Table 1 shows results from using these two fault-tolerance mechanisms. In this experiment, we created a saboteur work engine that always corrupts results in a fixed way. We then ran the Mandelbrot application on the spiral range (see Sect. 5.3.1), with 5 good workers and a varying number of saboteurs. To keep the pool of saboteurs from being completely eliminated in spot-checking, we disabled blacklisting, and allowed caught nodes to reconnect after a 1 second delay. For each configuration, we ran 10 rounds, measuring the average running time and the average error rate ( $\mathrm{err}$ ). From these, we computed the efficiency of each configuration by first multiplying the ideal time (measured with 5 good workers, no saboteurs and no fault-tolerance) by the fraction of correct answers $(1-\mathrm{err})$ , and then dividing the result by the actual running time. This estimates how efficiently the good workers are being utilized towards producing correct final answers.

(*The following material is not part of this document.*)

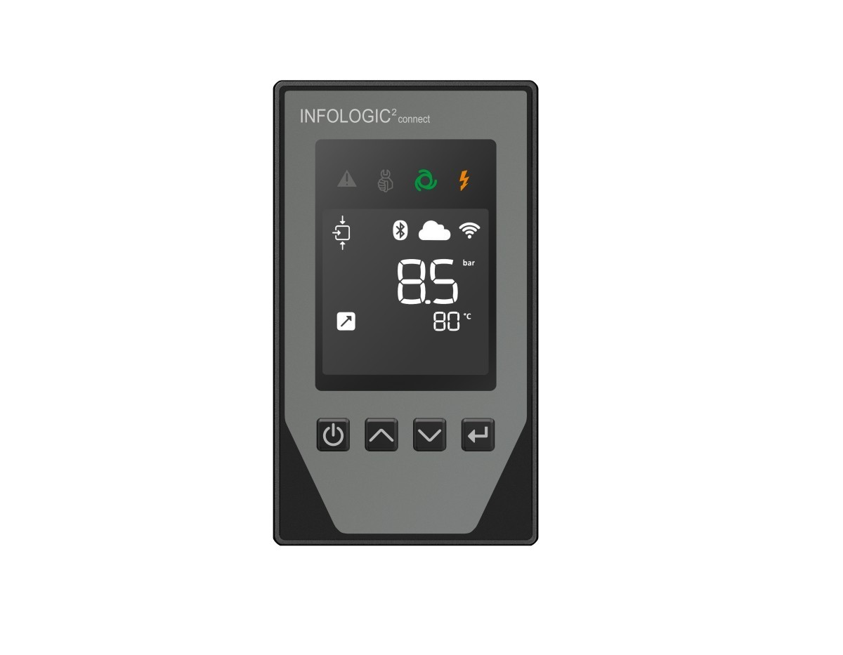 - Kompressoril on INFOLOGIC² Connect tipptasemel juhtpult, kust on võimalik kasutajal lihtsalt muuta elementaarseid tööparameetreid nagu kompressori töörõhkude vahemikku. Lisaks juhtpulti on integreeritud ICONS nutikas ühendus süsteem, kuvab tulevast hooldust, võimalike rikete puhul konkreetseid veateateid, töötunde, õlitemperatuuri ja palju muud olulist infot.

**Table 1:** Preliminary results from fault-tolerance experiments.
$\begin{table} \PSbox{faultstats.eps hoffset=-18 voffset=-603}{5.25in}{2.5625in} \end{table}$

Majority voting performed as expected, having an error rate close to the theoretical expected value of f²(3-2f) for 2-out-of-3 voting (where f is the fraction of workers who are saboteurs, and where we assume that saboteurs agree on their answers). Although this error rate is large for the values of f shown, it should improve significantly in more realistic situations where f is small, since it is proportional to f². The bigger problem with voting is its efficiency, which, as shown, is at best only about 50% since all the work has to be done at least twice even when there are no saboteurs. In this respect, spot-checking performed more promisingly. As shown, its efficiency loss was only about p when the number of saboteurs was small, and, thanks to backtracking, its error rates remained relatively low - even when there were more saboteurs than good workers. In a real system where blacklisting is enabled, we can expect even lower error rates. As shown, saboteurs were being caught at a high rate - as many as 64 saboteurs every 31s in one case. This means that unless saboteurs can somehow assume a very large number of false identities (e.g., by faking IP addresses or digital certificates) and switch between them dynamically and quickly - a highly unlikely scenario - they would quickly get eliminated, and the error rate would decrease rapidly in time.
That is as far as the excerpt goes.